Thank you, Madam Chair. When individual departments defer maintenance, this is when we utilize the Deferred Maintenance Program. By deferring maintenance, I’m referring to the fact where the practice of postponing maintenance activities such as repairs on buildings and infrastructure in order to save costs meet funding levels or realign the available funding. During the lifecycle of a building, usually about halfway through the midlife, there’s a requirement to do some major upgrades and make sure that everything is up to date and running fast, and that the building needs are still meeting the needs of the client, department and the public. In the past, those have been deferred.
This program that we have in place is designed to assess the amount of deferred maintenance requirements in the government infrastructure and address it and find ways to improve that.
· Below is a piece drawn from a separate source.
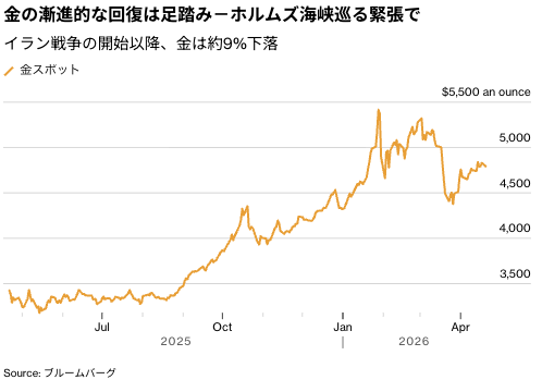 金相場は反落。週末に中東の海域で緊張が高まったことで、エネルギー供給ショックによるインフレリスクが再び意識されたほか、戦争終結に向けた協議にも不透明感が広がった。

It was $470 million when it was assessed, I think it was 2008-09 when the program came in, and we’ve got down to about $325 million.
The deferred maintenance that we’re talking about here is the capital side. That’s the $5 million budget, but there’s also an O and M side under the deferred maintenance for smaller activities.
Maintenance, on the other hand, is resulting from sort of just general upkeep of buildings, which might include fluorescent tube repairs, dealing with windows that may be broken, boiler repairs, regular upgrades on boilers. Not really lifecycle, but things that support lifecycle. There are some differences between just general maintenance and then the deferred maintenance plan.